String variables may not be specified unless the strok option is also specified. If strok is specified, string variables will be counted as containing missing values when they contain "". Numeric variables will be counted as containing missing when their value is ">.".

rowpctile(varlist) [, p(#)] may not be combined with by. It gives the #th percentile of the variables in varlist, ignoring missing values. If all variables in varlist are missing for an observation, newvar is set to missing in that observation. If p() is not specified, p(50) is assumed, meaning medians. Also see rowmedian().

rowsd(varlist) may not be combined with by. It creates the (row) standard deviations of the variables in varlist, ignoring missing values.

rowtotal(varlist) [, missing] may not be combined with by. It creates the (row) sum of the variables in varlist, treating missing as 0. If missing is specified and all values in varlist are missing for an observation, newvar is set to missing.

sd(exp) (allows by varlist:) creates a constant (within varlist) containing the standard deviation of exp. Also see mean().

seq() [, from(#) to(#) block(#)] (allows by varlist:) returns integer sequences. Values start from from() (default 1) and increase to to() (the default is the maximum number of values) in blocks (default size 1). If to() is less than the maximum number, sequences restart at from().
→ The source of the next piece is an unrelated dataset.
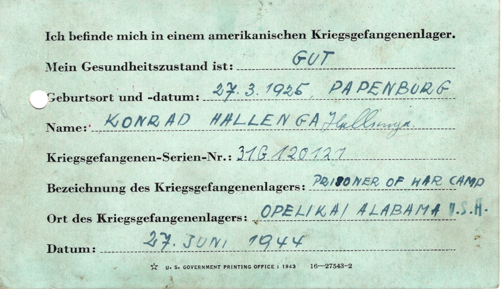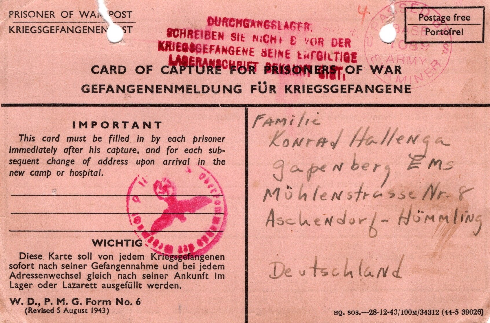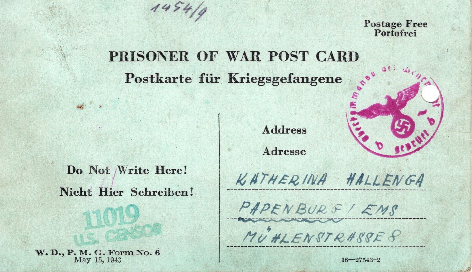 - POW Post card to Katherina Hallenga dated June 27th, 1944.
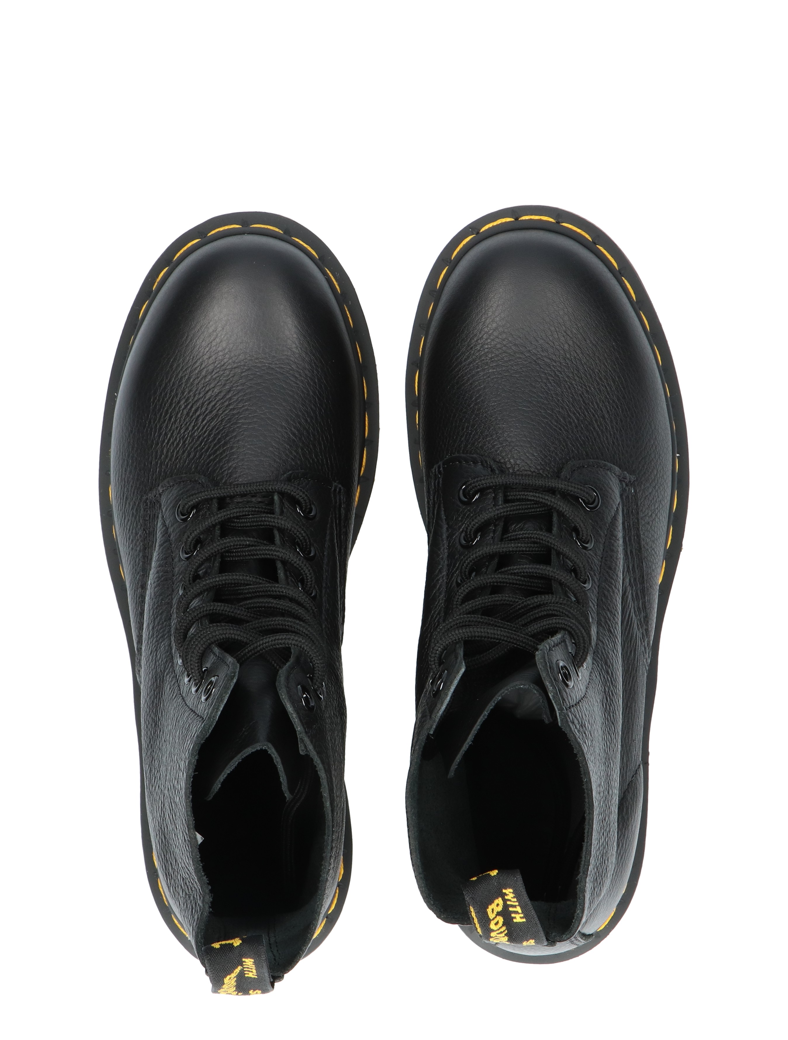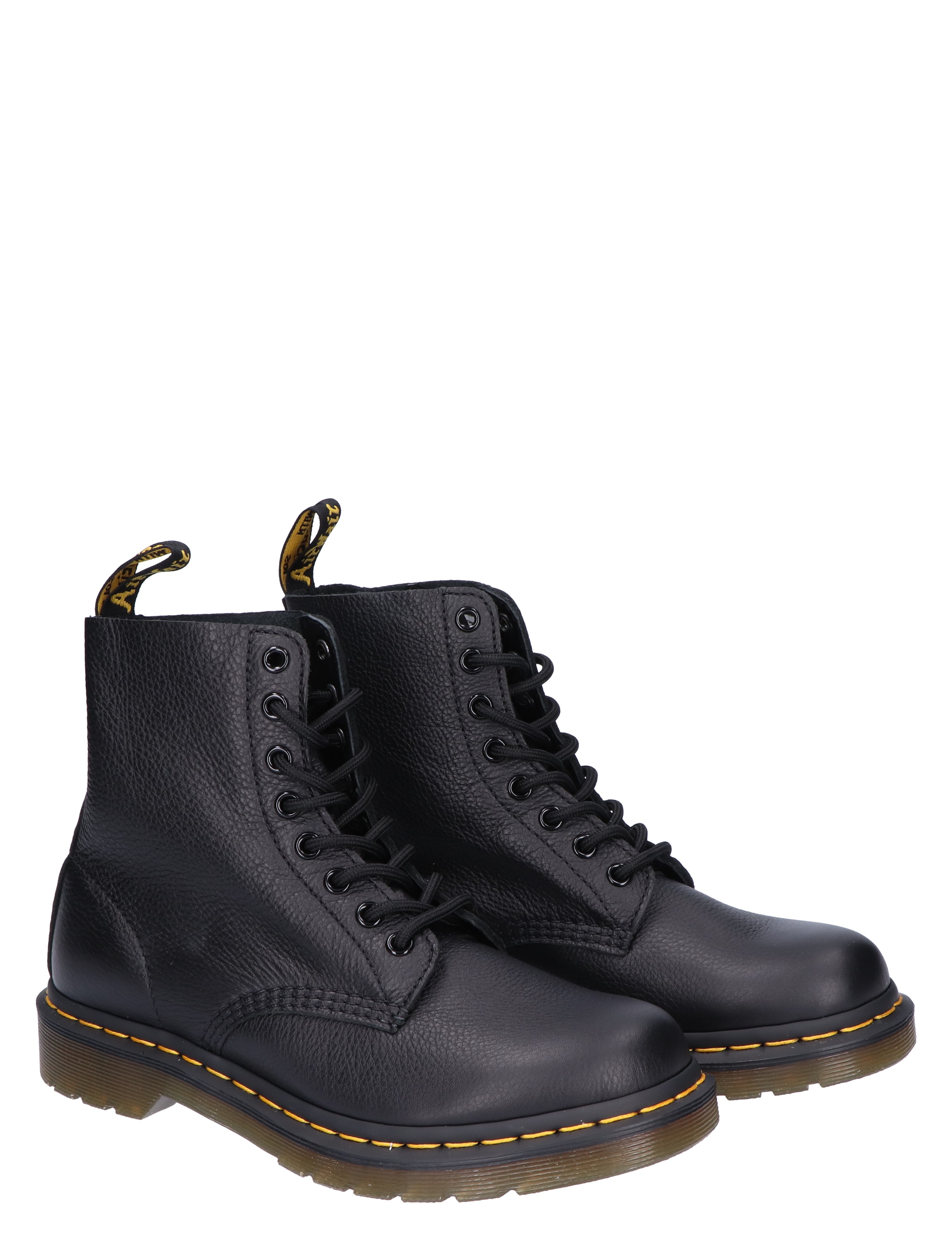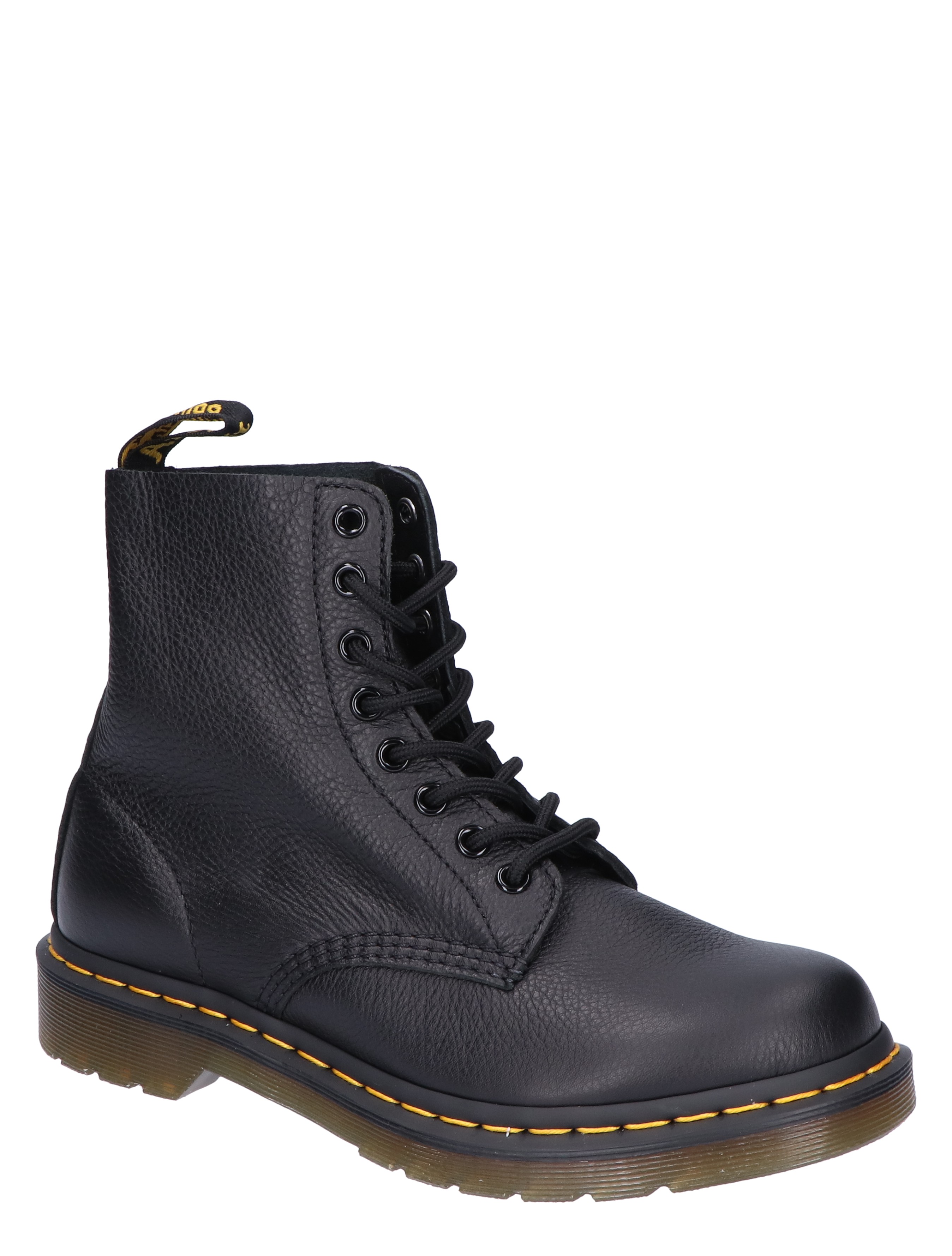 Dr. Martens 1460 Pascal veterboot voor dames. De boot is met 8 veterogen gemaakt van klassiek Dr. Martens 100% zacht Virginia leer met gegroefde zijkanten, hiellus, gele stiksels en de comfortabele bouncing SOLES ® met luchtkussen. De zool van 100% pvc.Dit model is gemaakt met een duurzame Goodyear-zoolrand. Bovenwerk en zool zijn warmtegelast en aan elkaar genaaid en niet gelijmd zoals bij veel andere schoenen. Met eenvoudige instap door de rits- en vetersluiting.

Numbering may also be separate within groups defined by varlist or decreasing if to() is less than from(). Sequences depend on the sort order of observations, following three rules: 1) observations excluded by if or in are not counted; 2) observations are sorted by varlist, if specified; and 3) otherwise, the order is that when called. No arguments are specified.

skew(varname) (allows by varlist:) returns the skewness (within varlist) of varname.

std(exp) [, mean(#) std(#)] may not be combined with by. It creates the standardized values of exp. The options specify the desired mean and standard deviation. The default is mean(0) and std(1), producing a variable with mean 0 and standard deviation 1.

tag(varlist) [, missing] may not be combined with by. It tags just one observation in each distinct group defined by varlist. When all observations in a group have the same value for a summary variable calculated for the group, it will be sufficient to use just one value for many purposes. The result will be 1 if the observation is tagged and never missing, and 0 otherwise. Values for any observations excluded by either if or in are set to 0 (not missing). Hence, if tag is the variable produced by egen tag = tag(varlist), the idiom if tag is always safe. missing specifies that missing values of varlist may be included.

total(exp) [, missing] (allows by varlist:) creates a constant (within varlist) containing the sum of exp treating missing as 0. If missing is specified and all values in exp are missing, newvar is set to missing. Also see mean().

Menu

Data > Create or change data > Create new variable (extended)

Description

egen creates newvar of the optionally specified storage type equal to fcn(arguments). Here fcn() is a function specifically written for egen, as documented below or as written by users. Only egen functions may be used with egen, and conversely, only egen may be used to run egen functions.

Depending on fcn(), arguments, if present, refers to an expression, varlist, or a numlist, and the options are similarly fcn dependent. Explicit subscripting (using _N and _n), which is commonly used with generate, should not be used with egen; see subscripting.

Examples

--------------------------------------------------------------------------- Setup . webuse egenxmpl

Describe the data . describe

Create variable containing the mean value of cholesterol . egen avg = mean(cholesterol)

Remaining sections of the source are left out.